Flooding is an indication of a fried ECU. In an abundance of caution I'd encourage you to also do some investigation -- check the grounds that attach to the coolant flange at the transmission end of the cylinder head and check (using an LED Test light) the injector pulse. Without a strong ground there the ECUs will fry. I'd check (or replace) the CTS itself and also check the continuity of the wiring back to the ECU Connector. A good manual will help with those tests. You don't want to fry another ECU. Over the years I have always tried to match suffixes on the ECUs for a "perfect" exchange. However when a match is not available the various suffixes on Digifant II ECUs do seem to be interchangeable.
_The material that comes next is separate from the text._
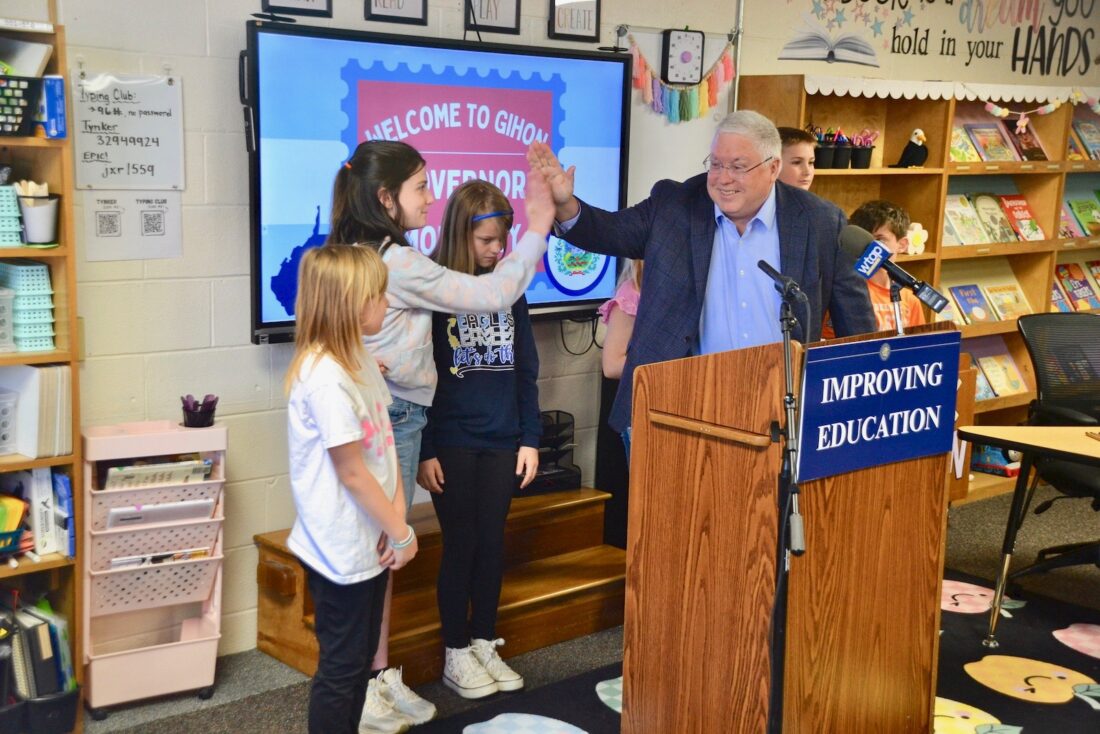 West Virginia Governor Patrick Morrisey gives high-fives to some of the students at Gihon Elementary School in Parkersburg on Monday as he was there for a ceremonial signing of HB 5438 which will provide resources to help fund education initiatives that will help students improve reading and other skills. (Photo by Brett Dunlap)

FR


----------



## garryt (Dec 22, 2016)

not sure about the differences in all the later ecu's. but I know the earlier triumph adler one was matched to 189cc injectors and the later bosch unit was matched to 214cc injectors. so maybe adding the earlier one to the later model would increase fueling??? rumour has that the digis run a bit lean at high rpms anyway. not my words though!:thumbup:


----------



## 1989Mulligan (Jan 26, 2017)

Fat Rabbit said:


> Flooding is an indication of a fried ECU. In an abundance of caution I'd encourage you to also do some investigation -- check the grounds that attach to the coolant flange at the transmission end of the cylinder head and check (using an LED Test light) the injector pulse. Without a strong ground there the ECUs will fry. I'd check (or replace) the CTS itself and also check the continuity of the wiring back to the ECU Connector. A good manual will help with those tests. You don't want to fry another ECU. Over the years I have always tried to match suffixes on the ECUs for a "perfect" exchange. However when a match is not available the various suffixes on Digifant II ECUs do seem to be interchangeable. FR


Thanks, I have already cleaned up all the grounds and replaced the CTS with an OEM replacement. I will work on the injector pulse and continuity and then see about finding another ECU.


----------